# United States & Canada Vacations Forums > General Discussion >  >  Horseback riding....

## DMA

Well, this almost 60 year old wants to get back in the saddle......  so was wondering if anyone has recommendations for a great place to go horseback riding in the states.  Would love to visit Montana, Wyoming..  but am open for suggestions.   

Thanks

----------


## KevinS

I have a friend who speaks well of Tanque Verde in Tucson.

http://www.tanqueverderanch.com

----------


## DMA

> I have a friend who speaks well of Tanque Verde in Tucson.
> 
> http://www.tanqueverderanch.com



Thanks Kevin.  Just had someone else mention the same place.  Going to check it out.!

----------


## goldold25

Trail rides at Sun Valley Lodge in Ketchum, Idaho are fun and scenic.  Also the lodging is old style up scale and fun.  Also have bowling fly fishing, skeet shooting, ice skating, bike riding, hiking and some really good restaurants in town. 

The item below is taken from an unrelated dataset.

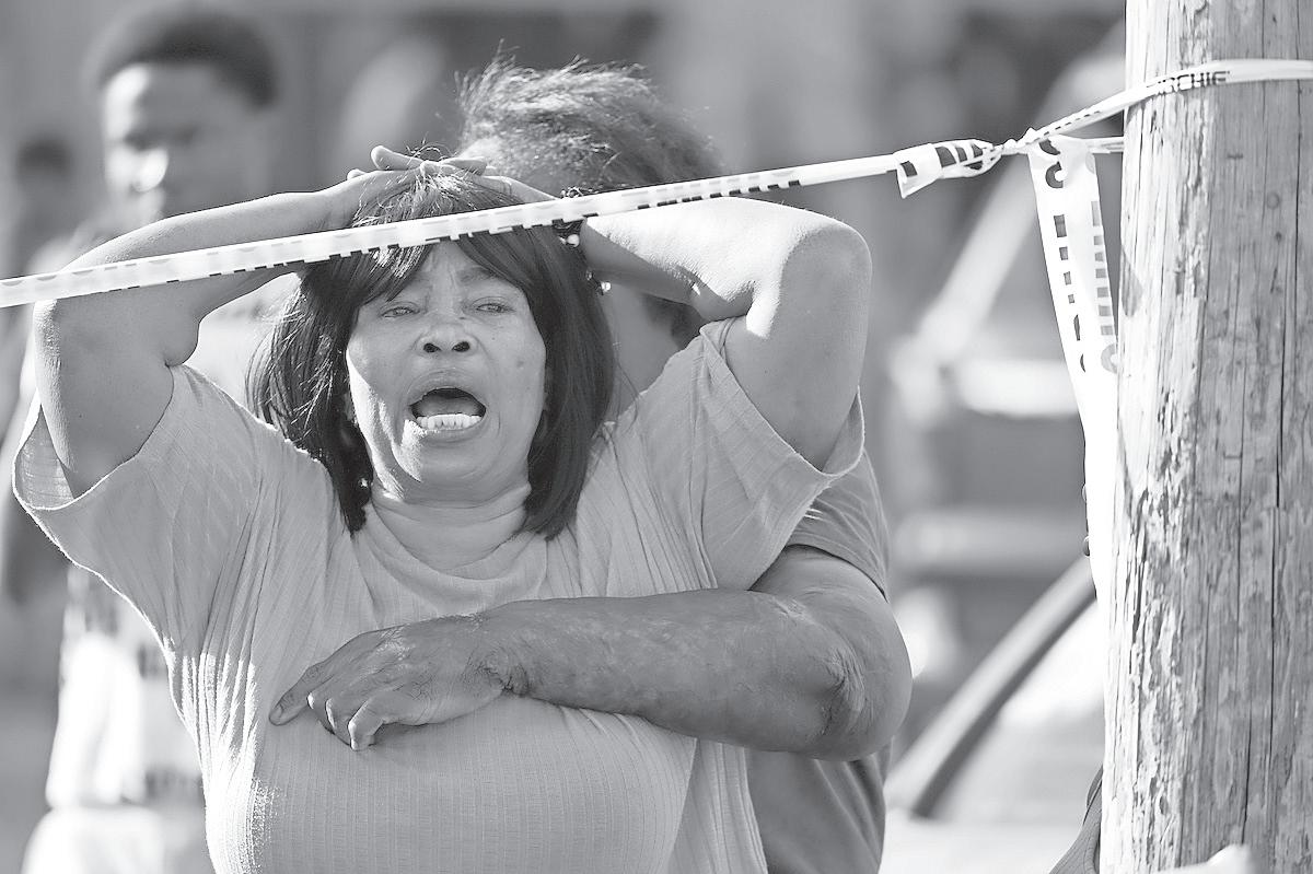 BEREAVED loved ones at the scene where a police reserve officer was shot dead along with one of his attackers as he tried to make a bank deposit at the RBC branch in Palmdale yesterday.

It's just a bit out-of-the-way.

----------


## DMA

> Trail rides at Sun Valley Lodge in Ketchum, Idaho are fun and scenic.  Also the lodging is old style up scale and fun.  Also have bowling fly fishing, skeet shooting, ice skating, bike riding, hiking and some really good restaurants in town. 
> 
> It's just a bit out-of-the-way.




Thank you you so much for this info....  Sounds like a lot of fun things to do!  Always wanted to try skeet shooting. 😊

----------